The 386th Air Expeditionary Wing (386 AEW) is a provisional United States Air Force unit assigned to United States Air Forces Central. As a provisional unit, it may be activated or inactivated at any time. It is currently stationed at Ali Al Salem Air Base, Kuwait in Southwest Asia. During World War II, the group's predecessor unit, the 386th Bombardment Group (Medium) was a B-26 Marauder bombardment group assigned to the Eighth and later Ninth Air Force. During the Battle of Normandy, it supported Allied forces at Caen, and participated in the massive blows against the enemy at Saint-Lô on 25 July 1944. The unit knocked out targets to help clear the Falaise pocket of German forces in August 1944 and hit strong points at Brest during September.

Mission
The 386th Air Expeditionary Wing has a diverse mission which canvases the CENTCOM AOR. The 386th AEW is the primary aerial hub for Operation Iraqi Freedom and provides airlift support for Operation Enduring Freedom and the Horn of Africa. The wing comprises the 386th Expeditionary Maintenance, Mission Support, Medical and Operations Groups and the 586th Expeditionary Mission Support Group.

The 386th AEW is composed of Airmen from the National Guard, Air Force Reserve and active duty. They provide security at the largest Theater Internment Facility in Kuwait, security for convoys, and serve as drivers for convoys.

The wing is also home to one of two contingency aeromedical staging facilities (CASF) in the theater. The CASF serves as a gateway for patients airlifted to Germany or the United States for further medical treatment.

Units assigned
The following units are assigned:
 386th Expeditionary Maintenance Group
 386th Expeditionary Mission Support Group
 386th Expeditionary Medical Group
 387th Air Expeditionary Group located at Abdullah Al-Mubarak Air Base (Cargo City) and Ali Al Salem Air Base
 407th Air Expeditionary Group located at Ali Al Salem Air Base and Ahmad al-Jaber Air Base
 386th Expeditionary Operations Group

The 586th Expeditionary Security Forces Squadron was part of the wing's 586th AEG until it was inactivated in 2008.

History

World War II
The unit was constituted as the 386th Bombardment Group (Medium) on 25 November 1942, and was activated on 1 December 1942 at MacDill Field, Florida. The group was equipped with the Martin B-26 Marauder medium bomber. Its operational squadrons were the 552d (RG), 553d (AN), 554th (RU) and 555th (YA)

After training at several airfields in the United States, the group was deployed to Europe in June 1943 and was assigned initially to the 3rd Bombardment Wing of the Eighth Air Force at RAF Snetterton Heath, England. The group remained at Snetterton Heath only a few days, being transferred to RAF Boxted in north Essex on 10 June 1943 where the Martin B-26 Marauder groups were being consolidated for operations and retrained in medium altitude bombing after low level tactics had produced disastrous losses. The group flew its first mission on 30 July, with operations concentrating on airfields but also attacked marshalling yards and gun positions along the channel coast.

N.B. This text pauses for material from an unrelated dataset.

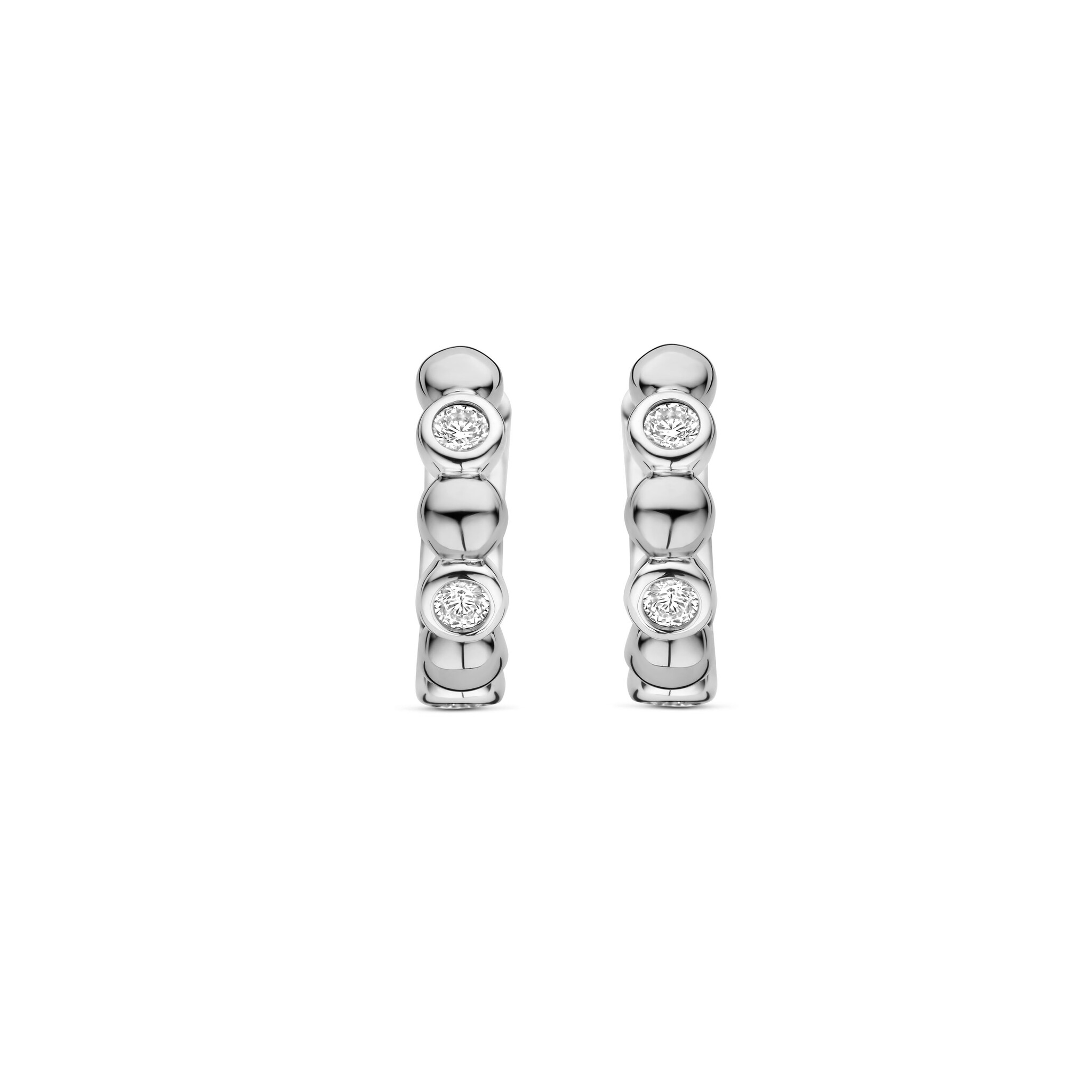 TI SENTO MILANO 78008ZI Zilver gerhodineerde klapcreolen 15mm, met bolletjes en ronde zirconia's
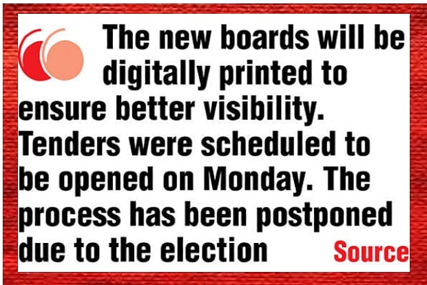 According to bid documents floated by the Corporation, name boards of interior streets and roads across the city will be replaced with new boards. “The new boards will be digitally printed to ensure better visibility. Tenders were scheduled to be opened on Monday. However, the process has been postponed due to the election. Bids will be finalised after the election,” a source said.

The 386th was again transferred to RAF Great Dunmow on 24 September 1943. Missions of the 386th concentrated on airfields but also bombed marshalling yards and gun positions during the first months of combat. In common with all B-26 Marauder units of the Eighth Air Force, the 386th was transferred to Ninth Air Force on 16 October 1943.

Tactical operations were carried out against V-weapon sites along the coast of France in the winter of 1943–1944, and bombed airfields in the Netherlands and Belgium during Big Week, 20–25 February 1944.

Great Dunmow was the first airfield visited by General Eisenhower in his USAAF airfield tour on Tuesday, 11 April 1944, and he arrived in time to see thirty-nine Ninth Air Force Marauders take off at twenty second intervals for a mission to attack the marshalling yards in Charleroi, Belgium.

The 386th hammered gun positions, and airfields preceding the invasion of Normandy and made numerous assaults on bridges of the Seinelate in May. Struck coastal batteries on D-Day and hit bridges, supply and fuel stores, gun positions, and defended areas during the remainder of the Battle of Normandy. Supported Allied forces at Caen, and participated in the massive blows against the enemy at Saint-Lô on 25 July 1944. Knocked out targets to help clear the Falaise pocket of German forces in August 1944 and hit strong points at Brest during September.

In July 1944, the 553rd Bomb Squadron was selected to host the squadron performing operational testing on the new Douglas A-26 Invader. A special squadron of A-26s was attached to the 386th Bombardment Group by order of "Special Operations Order #205, Project 3AF JY Class TM 0725", which created the "A-26 Combat Evaluation Project Squadron" - or simply, Project Squadron to the crews. This squadron conducted eight combat missions with the 386th between the dates of 6 Sep 1944 and 19 Sep 1944. Having successfully completed their evaluation assignment, the Project Squadron was detached from the 386th and transferred to the 416th Bombardment Group to train their pilots on converting over to the A-26. 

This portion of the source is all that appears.